RUNE has nearly doubled since the team burned 60 million RUNE tokens last week to boost its lending capacity by $100 million, which accounted for 12% of the total supply. Its total value locked (TVL) climbed 45% to $507 million in that time.
Overall, it’s a remarkable comeback for a veteran DeFi protocol founded in 2018 with much fanfare that fell out of favor after being plagued by a series of exploits.
Thorchain offers interest-free loans against major crypto assets like Bitcoin and Ether, with no liquidations or fixed expiry date. As part of the latest upgrade, collateralization ratios for BTC and ETH were reduced to 200%, meaning users can borrow half the value of their assets.
With stablecoin borrowing rates across DeFi climbing into double-digits on increased demand for leverage amid the ongoing crypto rally, Thorchain presents an attractive alternative for borrowers.
“If you are leveraged long BTC or ETH and plan to stay that way for the next 30 days, you’re being financially foolish if you don’t move over to Thorchain no-interest and no-liquidation loans,” wrote crypto investor Tyler Reynolds.
However, it’s worth noting that Thorchain’s offering differs markedly from traditional overcollateralized loans on DeFi lending protocols like Maker or Aave, which hold borrowers’ collateral under lien until outstanding loans are repaid.
When a loan is opened on Thorchain, the collateral asset is sold for RUNE, while the difference between the collateral value and the loan value is burned. Debt is denominated in TOR – a dollar-pegged unit of account internal to Thorchain – which is based off the median price of all the stablecoins supported by the protocol.
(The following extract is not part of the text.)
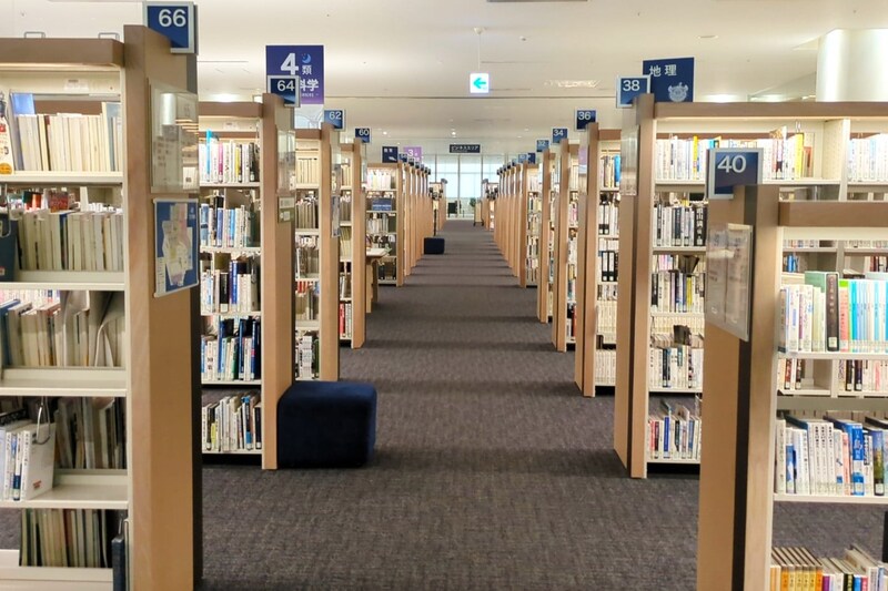 4階「一般閲覧エリア・ビジネスエリア・情報エリア・多文化エリア」は、約13万冊の本が並ぶ館内で最も大きなフロアになっています。

Conversely, when loans are repaid, RUNE is minted and swapped for the original collateral asset, which is returned to the borrower. A potential risk of the design is excessive minting of RUNE if too many borrowers rush to redeem their collateral at the same time during. However, the team has put multiple safeguards in place, including circuit breakers and loan caps, to mitigate the risk.